My Friday class with Janna, or something after it, set my knee back quite a bit, so I decided to take an extra day off again. I'm feeling like quite the slacker.
The day 244 meditation describes an all too familiar process during class. For this post, I'm calling it the attention yo-yo. We might start out distracted, with the mind on all sorts of things that just happenned -- the driver that cut you off, someone who yelled at you at work, maybe just a feeling of being pressed by that inner to-do list. And then, as practice goes on, attention focuses on breath, on the feeling of the poses, on finding the edge. And then something breaks that connection, the mind starts wandering again, of maybe just starts cursing the heat.
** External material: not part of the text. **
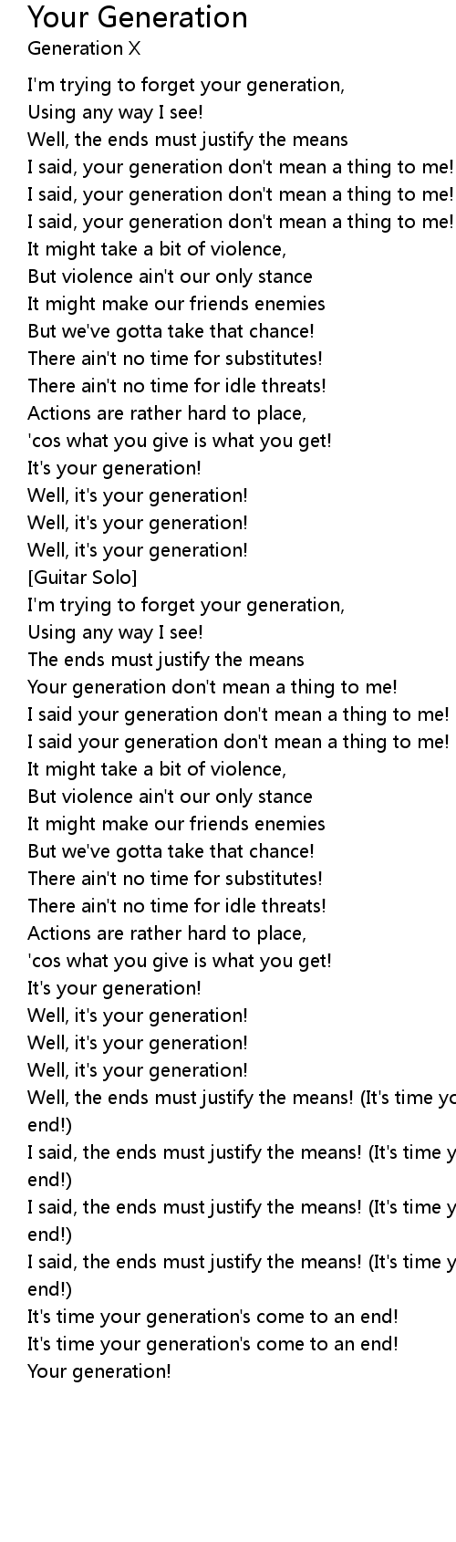 Well, the ends must justify the means! (It's time your generation's come to an end!)

And again, with attention to the poses, we try to bring it back into control. And so our level of distraction tends to yo-yo up and down through a typical class.
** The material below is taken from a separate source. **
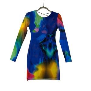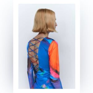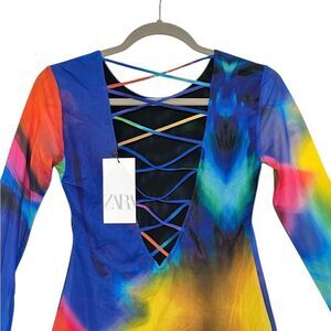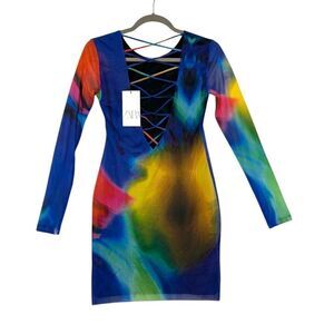 Zara Multi Color Tulle Long Sleeve Mini Dress | Size S

Over time and with lots of focus, Gates says we gradually get more and more control over the yo-yo effect. We cultivate stillness in the poses, stillness between the poses, and that stillness gradually comes to our minds as well. I think this is an apt description, but its nothing like the linear progress a novitiate might suppose. Instead, I'm finding that there are whole weeks where my mind seems to be bouncing where ever it will, doing Walk the Dog, Loop the Loop, and maybe even Buddha's Revenge, and all sorts of other yo-yo tricks that I could never actually do. But over time, and I'm still very early in this process, I think there is genuine progress.
Gates also calls attention to savasana at the end of class as part of learning rest and peacefulness. Here's where Bikram really is different, and I think the difference really pays off. We get Savasana in the middle of class, and then a short savasana between all the floor poses. At first, these breaks were great because I was just so happy not to have to be doing another strenuous pose for a few seconds. I've come to appreciate them more, and when things are going well, the savasanas are genuinely energizing. We're told again and again in class that these short savasanas are one of things that truly sets the Bikram series apart from other styles of yoga.
The final savasana, however, gets kind of short shrift in Bikram. I've taken other classes where there's 5 minutes or more of simply lying still before class is over. And in those classes, the teacher usually emphasized that that time was the most important part of class. In Bikram, for most people, its two minutes or less and they are out of the room. Often its less.
Thinking about it, I realize I've recently been skimping on the Final Savasana. For a while, I told myself that I could not leave the room until it no longer felt like an escape. Now, I rarely feel like I have to "escape" the heat, or anything else, so that rule doesn't work well anymore. And I probably should come up with some other way to extend that time.
4 comments:
In our studio there will always be some who pack up within a couple of minutes after the end of the final breathing, but on average people stay more than 5 minutes. The teachers here generally put a very big emphasis on the importance and benefits of the final savasana.
It shocks me that people can get up after only 2 minutes. Seriously. If I don't give myself AT LEAST 5 minutes, I usually pay for it the next day with extra lactic acid and stiffness.
As for the yo yo effect... Honestly, I think the mental determination and stamina and meditation it takes to remain even-minded throughout an entire class (i.e., no thinking this then that then this then that) takes years to cultivate. I'm heading into year three of my practice, and I'd say I have one of those even-minded classes maybe once a week...MAYBE. Even if your concentration breaks just once, it's still broken, you know?
But, all part of the journey, no?
There are two showers in each locker room, and there are some people in our studio who I think are racing to be first to get to one of the showers. So there's always someone bolting as soon as the teacher leaves. For the rest, it depends a bit on the teacher's timing. If the teacher is late, savasanas will be short. Sherry usually finishes just under five minutes early, and that helps a little.
Of course, if you break concentratoin once it is still broken for that class. I still think of it if I can get through a series, or sometimes even just a couple of poses, with full concentration on what I'm doing. It comes and goes. And I don't find I get distracted so often anymore by things outside of the classroom. Instead the loss of presence tends to revolve around either what we just did, or what's coming up.
Duffy~ I'm oh so familiar with the attention yo-yo. Most of my classes are that way. However, the past two days I've been blessed with a pretty even focused meditation and it made the class go by fast...exertion without resistance. It was beautiful.